Selon l’Inami, le taux de conventionnement des médecins spécialistes est globalement plus élevé en Wallonie et à Bruxelles qu’en Flandre, même si les écarts varient selon les disciplines. Si l’on prend en compte les généralistes, la Wallonie est globalement plus conventionnée (88,32%) qu’à Bruxelles (84,43%) ou en Flandre (83,74%).

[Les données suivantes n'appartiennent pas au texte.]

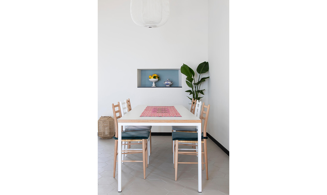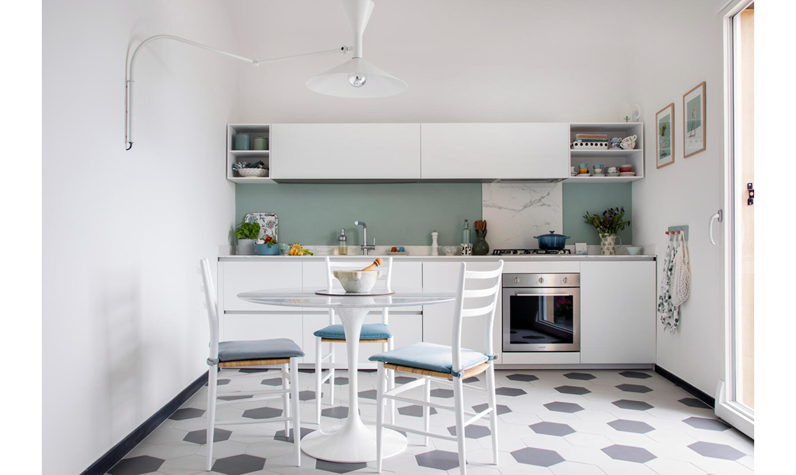 A pavimento, piastrelle esagonali Paprica, in grès [Marca Corona], cucina [Modulnova], sedie mod. Gobbetta [F.lli Levaggi], tavolo Saarinen [Knoll], lampada a braccio Lampe de Marseille [Nemo Lighting € 878,40], centrotavola sotto il mortaio [MariaVi], appendino [Suede Home Collection by Clara Bona]. strofinacci [Linen Tales].

5. Délais d’attente pour un rendez-vous médical: des défis communs aux trois régions
Par ailleurs, certains voient en cette corrélation une opportunité pour légitimer le déconventionnement. «Ce n’est pas une solution», regrette Pierre Sasse, permanent politique à la Fédération des Maisons médicales. «Malheureusement, cette pratique déconventionnée crée un problème d’accessibilité financière et renforce la médecine à deux vitesses (les personnes les plus aisées ont accès plus rapidement à un médecin).»
Dans L’Echo, Françoise Smets plaidait tout comme Pierre Sasse, «pour une vraie réflexion de santé publique avec des médecins généralistes comme voies d’accès obligatoires vers les spécialisations». Mais à chaque voie d’accès son obstacle: «Malheureusement, il semble qu’un nombre croissant de médecins généralistes n’accepte plus de nouveaux patients», relevait récemment le SPF Santé publique.
Pierre Sasse évoque encore deux autre pistes de solutions : la modification du financement des hôpitaux, actuellement en grande partie lié aux actes réalisés par les médecins «conditionnés à absorber la patientèle même quand ce n’est pas nécessaire», et la promotion du système des maisons médicales qui «a moins recours à la seconde ligne», citant une étude de la KCE.
Si la Wallonie est particulièrement touchée par ces difficultés, d’autres facteurs restent à explorer. L’âge de la population, par exemple: les régions comptant plus de seniors connaissent-elles mécaniquement des délais plus longs, les personnes âgées consultant plus souvent? Une hypothèse qui reste à vérifier.